Genes identified as putative targets from the whole genome sequencing data were cloned into the replicative vector pMV261 for overexpression in mycobacteria under control of the hsp60 promoter. The gene of interest was amplified by PCR (Q5 High‐Fidelity Polymerase;New England Biolabs) from M. smegmatis genomic DNA. The primers used are as shown in Supporting Information Table S1. The resulting PCR product was digested with the appropriate restriction enzymes and ligated (T4 DNA ligase, NEB) into the pMV261 vector. The resulting construct was transformed into E. coli TOP10 (Invitrogen) and verified by sequencing (GATC Biotech). The resulting constructs were electroporated into M. smegmatis along with an empty pMV261 vector control.

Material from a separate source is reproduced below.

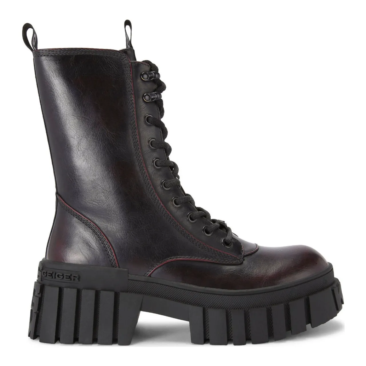 - Lace-up fastening, two pull tabs, round toe, chunky tread sole, block heel

Data and statistical analysis

The data and statistical analysis in this study comply with the recommendations on experimental design and analysis in pharmacology (Curtis et al., 2015). Blinding and randomization were not applied in these experiments. All data are shown as mean ± SEM of at least five individual experiments and analysed using GraphPad Prism version 7.0a software program (GraphPad Software Inc., San Diego, CA, USA). Statistical significance between different groups was determined by unpaired t‐test for two groups or one‐way ANOVA with Bonferroni's post hoc test to compare all pairs of columns for more than two groups. A value of P < 0.01 was considered statistically significant.

Materials

Rifampicin was supplied by Carbosynth (Compton, UK); ampicillin, carbamazepine, isoniazid, tetracycline and verapamil, and all other chemicals were from Sigma Aldrich (Poole, UK)

Results

Antimicrobial properties of compound 1 and 2

Compound 1 has previously been shown to be highly active against M. tuberculosis with an MIC of <5 μg·mL−1 (Jeney and Zsolnai, 1956, Abuhammad et al., 2012). We used the REMA to determine the MIC for compound 1 and its bis‐Mannich base derivative 2 (Figure 1) against M. smegmatis. In addition, in order to determine the specificity of compounds 1 and 2 for the Mycobacterium genus, we also tested these compounds for their potential to inhibit the growth of the Gram‐negative organisms E. coli and P. putida. The MIC values for compounds 1 and 2 are shown in Table 1 and indicate that the piperidinol class of compounds and its corresponding bis‐Mannich base are able to inhibit the growth of M. smegmatis with MIC values of 62.5 and 125 μg·mL−1 respectively. Whilst the MIC for compounds 1 and 2 is higher than that for M. tuberculosis, it is clear that these compounds do not have any effect on the growth of E. coli or P. putida at concentrations as high as 250 μg·mL−1.

Table 1.

MICs of compounds 1 and 2

Bacterium Compound 1 MIC (μg·mL−1) Compound 2 MIC (μg·mL−1) Reference
M. tuberculosis 5 nd (Jeney and Zsolnai, 1956; Abuhammad et al., 2012)
M. bovis BCG 6.25–12.5 nd (Abuhammad et al., 2014)
M. smegmatis 62.5 ± 0 125 ± 0 This study
E. coli 250 ± 0 250 ± 0 This study
P. putida 250 ± 0 >500 ± 0 This study
Open in a new tab

nd, not determined.

All assays in this study were undertaken with n = 5, and data are presented as mean ± SEM.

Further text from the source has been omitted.